*DATA TO EXAMINE:*
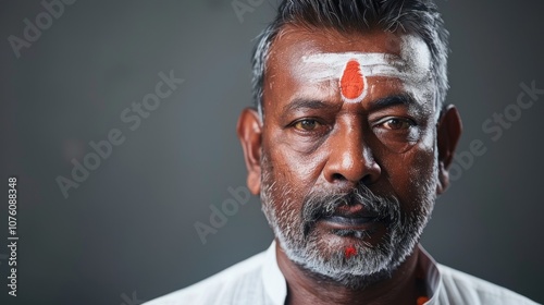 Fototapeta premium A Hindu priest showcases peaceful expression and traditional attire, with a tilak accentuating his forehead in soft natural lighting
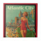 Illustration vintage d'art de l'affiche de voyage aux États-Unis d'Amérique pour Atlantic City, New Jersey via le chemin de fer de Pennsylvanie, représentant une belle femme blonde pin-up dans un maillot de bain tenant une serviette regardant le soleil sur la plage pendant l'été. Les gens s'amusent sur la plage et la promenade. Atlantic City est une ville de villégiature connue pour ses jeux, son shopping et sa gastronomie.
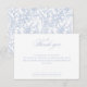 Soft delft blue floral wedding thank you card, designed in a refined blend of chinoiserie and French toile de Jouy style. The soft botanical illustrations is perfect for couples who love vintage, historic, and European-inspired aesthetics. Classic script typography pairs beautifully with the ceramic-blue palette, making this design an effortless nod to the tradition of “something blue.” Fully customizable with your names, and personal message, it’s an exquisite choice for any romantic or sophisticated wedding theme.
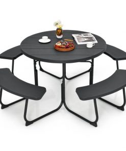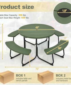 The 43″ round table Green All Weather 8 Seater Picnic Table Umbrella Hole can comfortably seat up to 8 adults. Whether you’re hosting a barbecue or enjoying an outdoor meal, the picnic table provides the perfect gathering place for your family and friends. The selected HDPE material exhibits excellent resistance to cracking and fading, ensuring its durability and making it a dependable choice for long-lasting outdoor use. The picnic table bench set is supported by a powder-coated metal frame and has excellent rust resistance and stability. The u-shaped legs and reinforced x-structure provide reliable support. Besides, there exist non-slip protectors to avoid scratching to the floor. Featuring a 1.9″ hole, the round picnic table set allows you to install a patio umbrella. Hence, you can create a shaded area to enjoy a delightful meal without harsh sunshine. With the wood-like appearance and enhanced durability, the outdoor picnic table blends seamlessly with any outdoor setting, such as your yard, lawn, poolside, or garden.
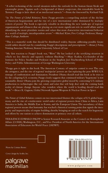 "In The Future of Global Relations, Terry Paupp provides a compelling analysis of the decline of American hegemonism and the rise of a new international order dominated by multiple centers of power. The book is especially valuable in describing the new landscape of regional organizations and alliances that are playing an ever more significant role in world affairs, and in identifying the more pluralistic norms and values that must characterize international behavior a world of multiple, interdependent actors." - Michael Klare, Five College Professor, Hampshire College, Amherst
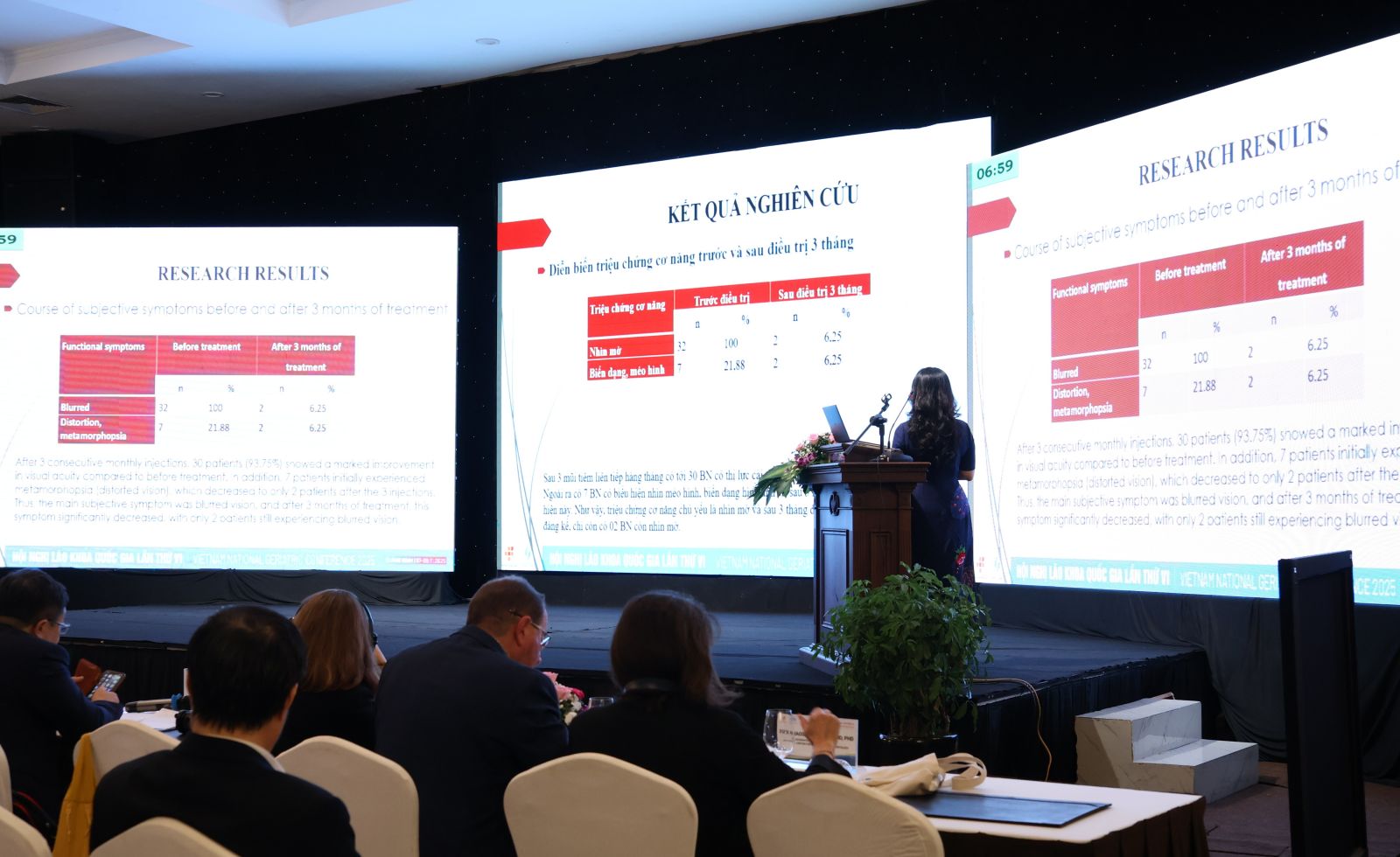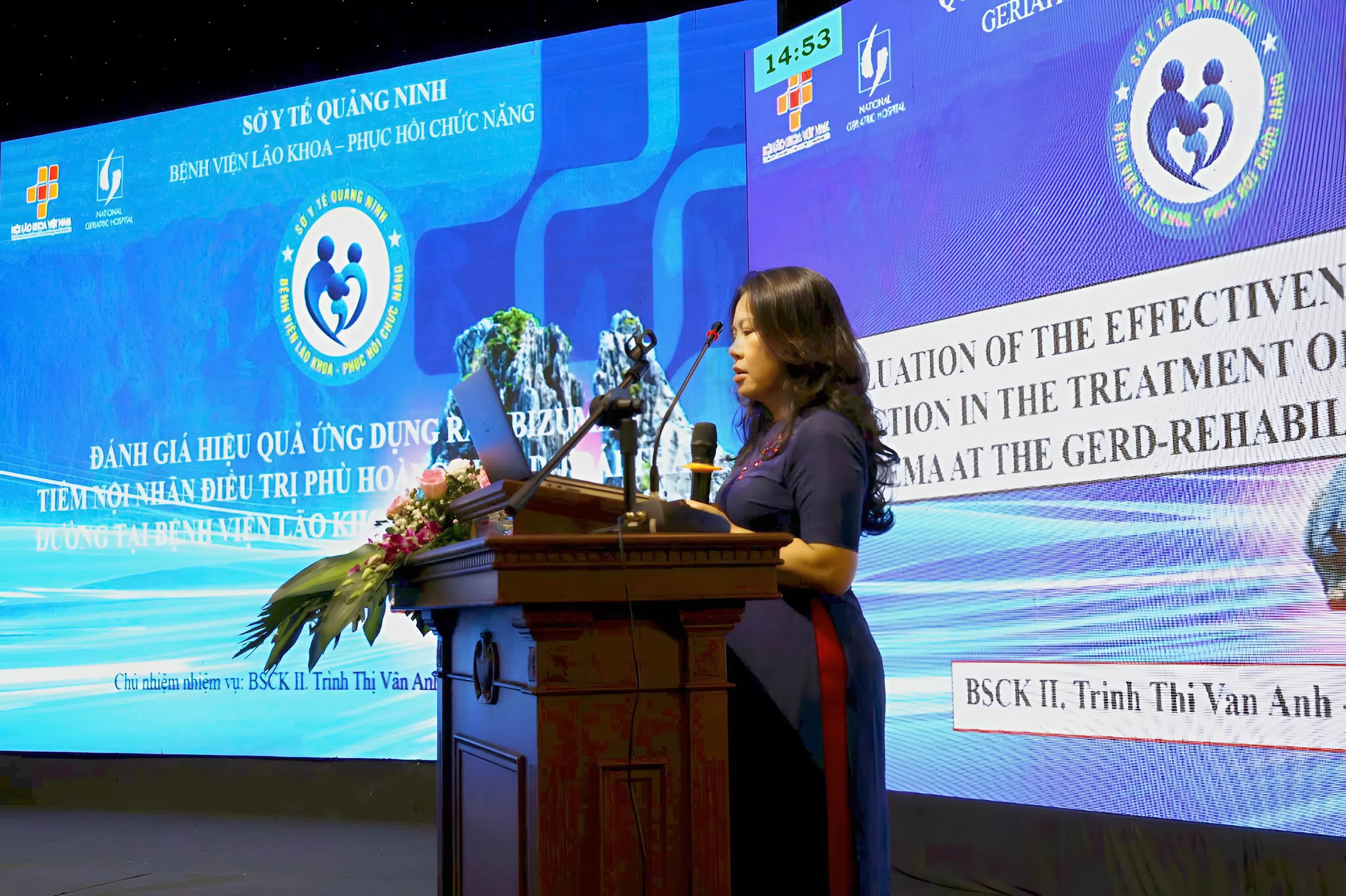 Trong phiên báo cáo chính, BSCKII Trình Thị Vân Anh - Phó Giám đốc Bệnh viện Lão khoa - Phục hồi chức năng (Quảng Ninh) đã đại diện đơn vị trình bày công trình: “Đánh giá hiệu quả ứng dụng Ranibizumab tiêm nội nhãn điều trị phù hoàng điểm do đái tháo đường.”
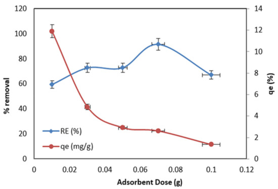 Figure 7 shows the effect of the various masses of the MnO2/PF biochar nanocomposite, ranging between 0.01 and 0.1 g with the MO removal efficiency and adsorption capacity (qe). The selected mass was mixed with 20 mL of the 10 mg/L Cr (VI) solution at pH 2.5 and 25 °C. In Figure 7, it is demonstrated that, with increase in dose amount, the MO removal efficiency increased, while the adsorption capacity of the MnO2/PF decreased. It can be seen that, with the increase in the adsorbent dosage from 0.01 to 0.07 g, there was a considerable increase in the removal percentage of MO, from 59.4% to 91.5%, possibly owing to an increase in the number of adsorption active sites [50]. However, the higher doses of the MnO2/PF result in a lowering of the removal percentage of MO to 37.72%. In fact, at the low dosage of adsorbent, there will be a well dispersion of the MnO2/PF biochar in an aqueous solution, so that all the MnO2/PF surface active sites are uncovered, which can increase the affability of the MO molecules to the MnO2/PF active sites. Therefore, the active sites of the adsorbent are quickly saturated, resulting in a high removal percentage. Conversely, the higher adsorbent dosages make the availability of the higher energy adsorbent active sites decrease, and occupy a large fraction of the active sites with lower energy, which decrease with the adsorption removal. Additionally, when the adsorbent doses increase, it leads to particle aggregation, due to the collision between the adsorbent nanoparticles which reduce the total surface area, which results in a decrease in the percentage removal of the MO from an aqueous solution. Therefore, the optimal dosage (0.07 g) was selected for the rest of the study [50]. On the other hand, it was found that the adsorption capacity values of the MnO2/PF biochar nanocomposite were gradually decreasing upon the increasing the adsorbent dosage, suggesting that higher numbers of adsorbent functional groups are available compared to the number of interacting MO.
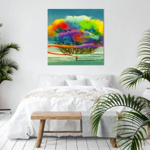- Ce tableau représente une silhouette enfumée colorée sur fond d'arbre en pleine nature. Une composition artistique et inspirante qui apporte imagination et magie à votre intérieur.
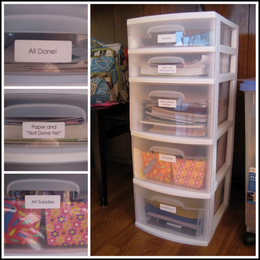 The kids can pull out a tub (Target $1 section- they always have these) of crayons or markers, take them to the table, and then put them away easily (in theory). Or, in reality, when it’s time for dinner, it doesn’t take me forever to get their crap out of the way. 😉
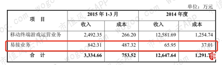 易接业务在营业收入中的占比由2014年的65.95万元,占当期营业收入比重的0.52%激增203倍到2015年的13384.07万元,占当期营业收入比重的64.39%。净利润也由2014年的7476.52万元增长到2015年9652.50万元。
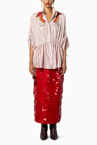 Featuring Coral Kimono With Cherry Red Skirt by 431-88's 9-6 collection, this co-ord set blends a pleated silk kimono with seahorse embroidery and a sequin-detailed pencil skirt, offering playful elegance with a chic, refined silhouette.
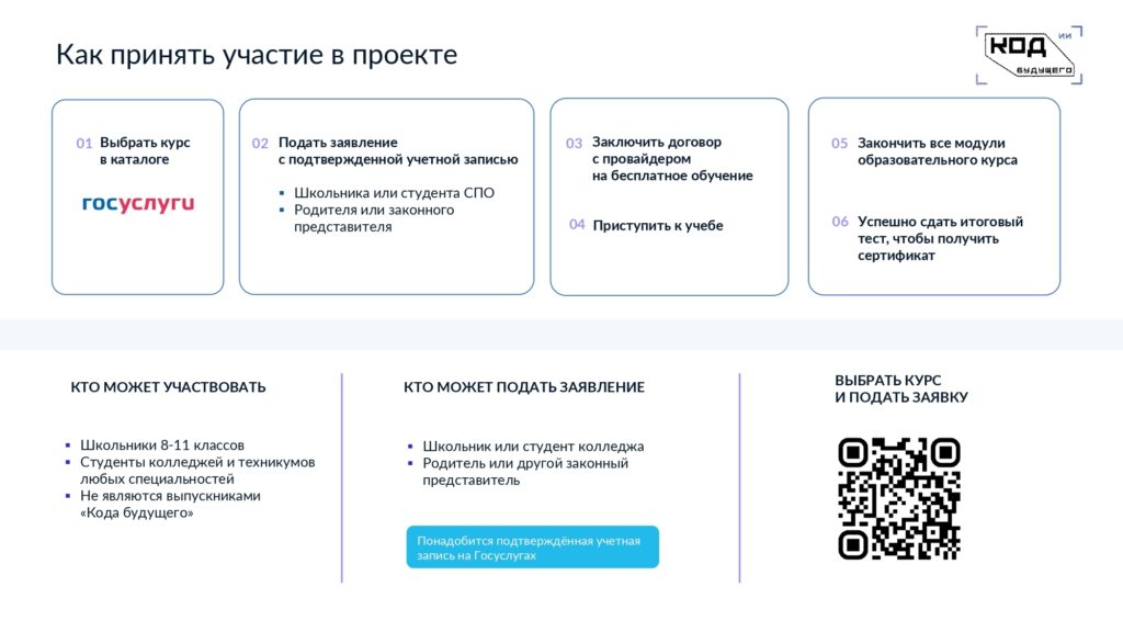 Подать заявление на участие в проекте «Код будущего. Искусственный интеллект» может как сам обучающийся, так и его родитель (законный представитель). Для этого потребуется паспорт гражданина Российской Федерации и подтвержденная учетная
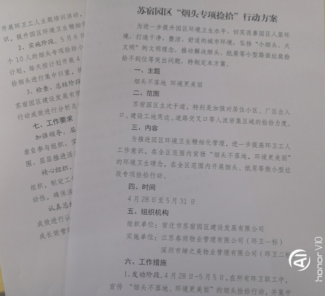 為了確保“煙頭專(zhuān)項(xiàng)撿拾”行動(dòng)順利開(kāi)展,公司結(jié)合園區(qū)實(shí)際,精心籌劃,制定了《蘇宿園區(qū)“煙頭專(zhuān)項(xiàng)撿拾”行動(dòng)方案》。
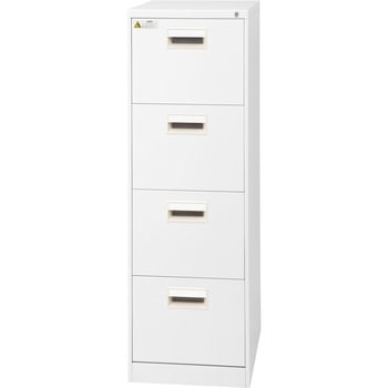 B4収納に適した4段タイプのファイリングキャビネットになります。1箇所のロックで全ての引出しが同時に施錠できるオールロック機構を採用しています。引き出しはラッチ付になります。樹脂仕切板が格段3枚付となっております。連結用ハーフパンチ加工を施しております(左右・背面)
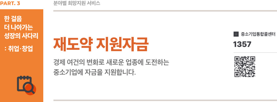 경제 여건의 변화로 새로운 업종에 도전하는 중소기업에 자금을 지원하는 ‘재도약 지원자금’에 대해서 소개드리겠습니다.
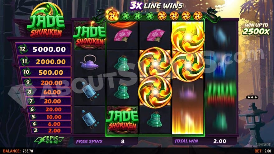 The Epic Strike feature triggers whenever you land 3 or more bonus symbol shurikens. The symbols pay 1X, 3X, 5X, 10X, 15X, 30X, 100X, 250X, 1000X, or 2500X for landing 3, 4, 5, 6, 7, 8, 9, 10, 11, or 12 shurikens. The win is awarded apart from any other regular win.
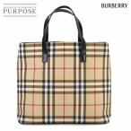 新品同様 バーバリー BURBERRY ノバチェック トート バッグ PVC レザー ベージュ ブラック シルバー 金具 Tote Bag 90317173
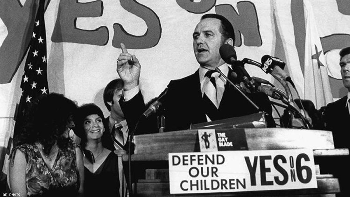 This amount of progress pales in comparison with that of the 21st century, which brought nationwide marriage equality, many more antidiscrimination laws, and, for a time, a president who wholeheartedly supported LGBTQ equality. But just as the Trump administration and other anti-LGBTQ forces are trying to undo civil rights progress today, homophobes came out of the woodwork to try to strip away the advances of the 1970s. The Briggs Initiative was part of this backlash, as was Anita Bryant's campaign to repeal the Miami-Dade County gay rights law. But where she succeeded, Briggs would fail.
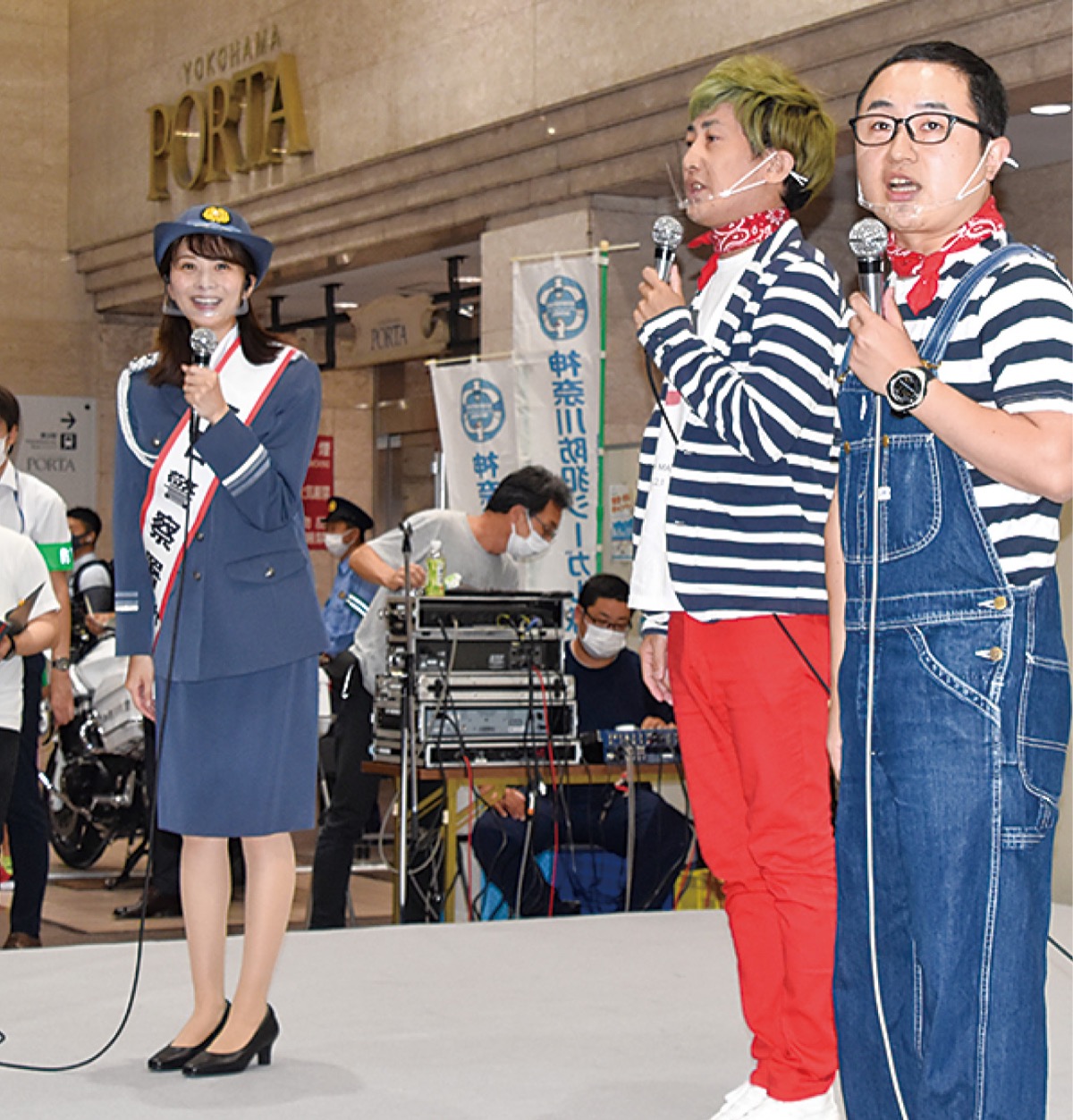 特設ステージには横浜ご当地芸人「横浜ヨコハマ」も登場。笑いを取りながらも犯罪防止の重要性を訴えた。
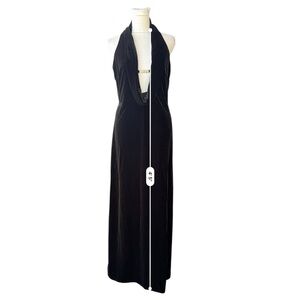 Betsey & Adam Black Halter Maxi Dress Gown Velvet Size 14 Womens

*ASSIGNMENT:* No picture is to be printed. Output exactly the lines above from the line containing "The Epic Strike" through the line containing "新品同様 バーバリー BURBERRY".

*ANSWER TO THIS PROBLEM:*
 The Epic Strike feature triggers whenever you land 3 or more bonus symbol shurikens. The symbols pay 1X, 3X, 5X, 10X, 15X, 30X, 100X, 250X, 1000X, or 2500X for landing 3, 4, 5, 6, 7, 8, 9, 10, 11, or 12 shurikens. The win is awarded apart from any other regular win.
 新品同様 バーバリー BURBERRY ノバチェック トート バッグ PVC レザー ベージュ ブラック シルバー 金具 Tote Bag 90317173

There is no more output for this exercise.